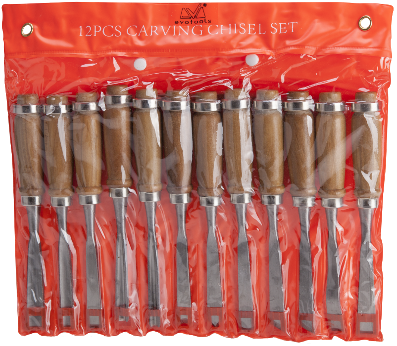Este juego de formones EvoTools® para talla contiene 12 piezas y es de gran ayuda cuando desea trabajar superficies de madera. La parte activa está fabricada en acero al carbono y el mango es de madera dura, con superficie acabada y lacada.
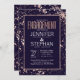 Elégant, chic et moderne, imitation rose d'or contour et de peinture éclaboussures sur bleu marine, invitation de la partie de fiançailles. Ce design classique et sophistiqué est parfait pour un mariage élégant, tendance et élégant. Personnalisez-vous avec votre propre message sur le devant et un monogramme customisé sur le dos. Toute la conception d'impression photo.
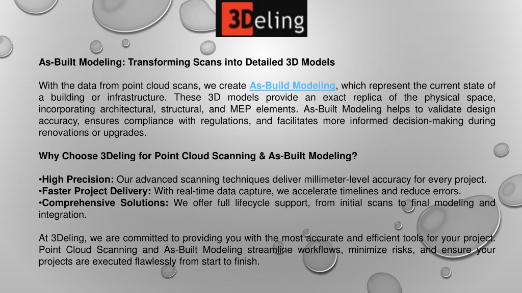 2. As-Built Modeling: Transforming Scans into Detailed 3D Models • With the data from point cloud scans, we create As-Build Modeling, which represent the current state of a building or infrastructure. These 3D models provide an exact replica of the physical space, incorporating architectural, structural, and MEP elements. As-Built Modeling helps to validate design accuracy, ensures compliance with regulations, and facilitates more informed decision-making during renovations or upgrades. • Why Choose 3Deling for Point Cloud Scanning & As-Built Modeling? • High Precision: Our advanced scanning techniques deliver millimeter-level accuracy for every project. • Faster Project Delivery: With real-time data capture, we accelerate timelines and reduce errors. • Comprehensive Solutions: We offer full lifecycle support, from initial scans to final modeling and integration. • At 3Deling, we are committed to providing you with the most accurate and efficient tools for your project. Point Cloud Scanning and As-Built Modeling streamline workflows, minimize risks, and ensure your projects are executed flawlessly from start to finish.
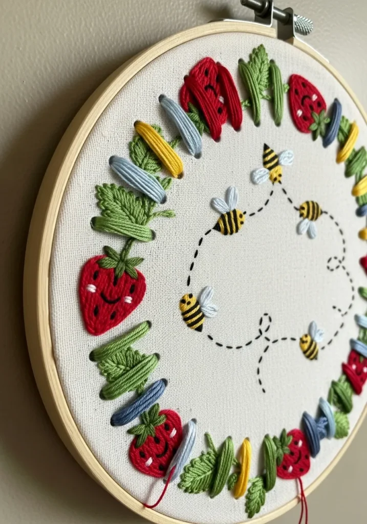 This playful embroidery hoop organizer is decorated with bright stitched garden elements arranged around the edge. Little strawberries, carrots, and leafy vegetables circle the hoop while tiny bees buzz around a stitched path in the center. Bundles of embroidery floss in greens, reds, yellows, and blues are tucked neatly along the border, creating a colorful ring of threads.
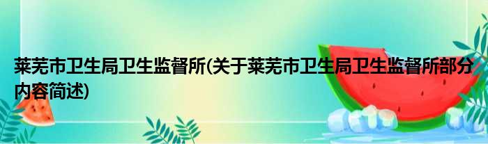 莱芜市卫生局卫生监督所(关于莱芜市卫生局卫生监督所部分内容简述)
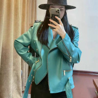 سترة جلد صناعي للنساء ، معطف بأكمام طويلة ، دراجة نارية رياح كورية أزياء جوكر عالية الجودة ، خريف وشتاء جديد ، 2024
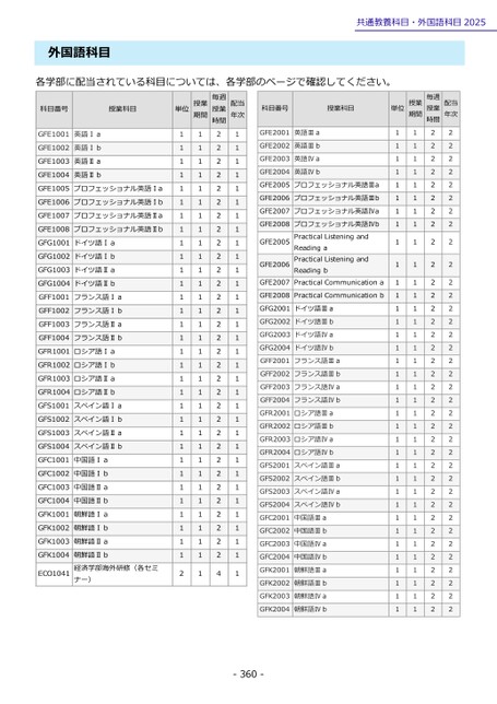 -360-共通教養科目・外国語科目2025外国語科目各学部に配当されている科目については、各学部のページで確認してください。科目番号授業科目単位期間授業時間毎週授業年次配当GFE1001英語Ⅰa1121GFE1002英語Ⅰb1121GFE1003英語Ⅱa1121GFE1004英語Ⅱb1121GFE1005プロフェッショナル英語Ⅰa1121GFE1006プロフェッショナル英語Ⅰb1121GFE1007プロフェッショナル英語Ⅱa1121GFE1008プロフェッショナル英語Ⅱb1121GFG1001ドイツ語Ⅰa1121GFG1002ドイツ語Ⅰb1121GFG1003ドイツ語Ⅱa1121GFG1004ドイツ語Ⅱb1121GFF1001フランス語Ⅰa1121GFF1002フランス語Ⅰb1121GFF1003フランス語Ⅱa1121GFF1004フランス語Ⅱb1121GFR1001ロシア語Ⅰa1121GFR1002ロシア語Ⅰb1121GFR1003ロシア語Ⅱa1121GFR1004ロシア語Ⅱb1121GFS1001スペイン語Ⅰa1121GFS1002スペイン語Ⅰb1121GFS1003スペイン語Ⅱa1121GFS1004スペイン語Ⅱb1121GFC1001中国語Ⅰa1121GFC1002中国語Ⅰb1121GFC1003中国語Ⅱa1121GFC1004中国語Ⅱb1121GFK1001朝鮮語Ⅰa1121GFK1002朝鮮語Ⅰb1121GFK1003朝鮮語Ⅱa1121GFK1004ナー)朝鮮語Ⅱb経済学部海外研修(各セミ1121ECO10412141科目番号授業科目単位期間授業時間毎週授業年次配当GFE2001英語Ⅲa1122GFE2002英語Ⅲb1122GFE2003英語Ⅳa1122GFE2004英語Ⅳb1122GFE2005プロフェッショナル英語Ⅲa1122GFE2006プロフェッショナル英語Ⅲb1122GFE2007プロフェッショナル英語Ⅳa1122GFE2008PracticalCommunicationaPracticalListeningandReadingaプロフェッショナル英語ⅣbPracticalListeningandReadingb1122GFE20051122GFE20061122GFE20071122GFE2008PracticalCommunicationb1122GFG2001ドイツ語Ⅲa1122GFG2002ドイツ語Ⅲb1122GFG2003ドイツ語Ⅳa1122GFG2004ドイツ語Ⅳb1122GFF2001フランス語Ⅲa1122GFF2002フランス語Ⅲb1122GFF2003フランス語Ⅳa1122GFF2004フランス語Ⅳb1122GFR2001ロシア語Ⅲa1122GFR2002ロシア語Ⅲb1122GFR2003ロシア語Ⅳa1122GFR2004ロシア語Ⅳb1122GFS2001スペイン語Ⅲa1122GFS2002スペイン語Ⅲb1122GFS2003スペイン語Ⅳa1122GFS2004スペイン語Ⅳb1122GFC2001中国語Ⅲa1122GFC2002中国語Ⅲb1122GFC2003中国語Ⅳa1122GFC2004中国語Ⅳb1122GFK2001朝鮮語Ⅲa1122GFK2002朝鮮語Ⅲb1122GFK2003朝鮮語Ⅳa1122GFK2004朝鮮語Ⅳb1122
====================
Exercise instructions> Transcribe exactly, please, the lines between the start of the records above and the line holding "Elégant, chic et", counting both of those lines and omitting pictures.

Result of this exercise>
Este juego de formones EvoTools® para talla contiene 12 piezas y es de gran ayuda cuando desea trabajar superficies de madera. La parte activa está fabricada en acero al carbono y el mango es de madera dura, con superficie acabada y lacada.
 Elégant, chic et moderne, imitation rose d'or contour et de peinture éclaboussures sur bleu marine, invitation de la partie de fiançailles. Ce design classique et sophistiqué est parfait pour un mariage élégant, tendance et élégant. Personnalisez-vous avec votre propre message sur le devant et un monogramme customisé sur le dos. Toute la conception d'impression photo.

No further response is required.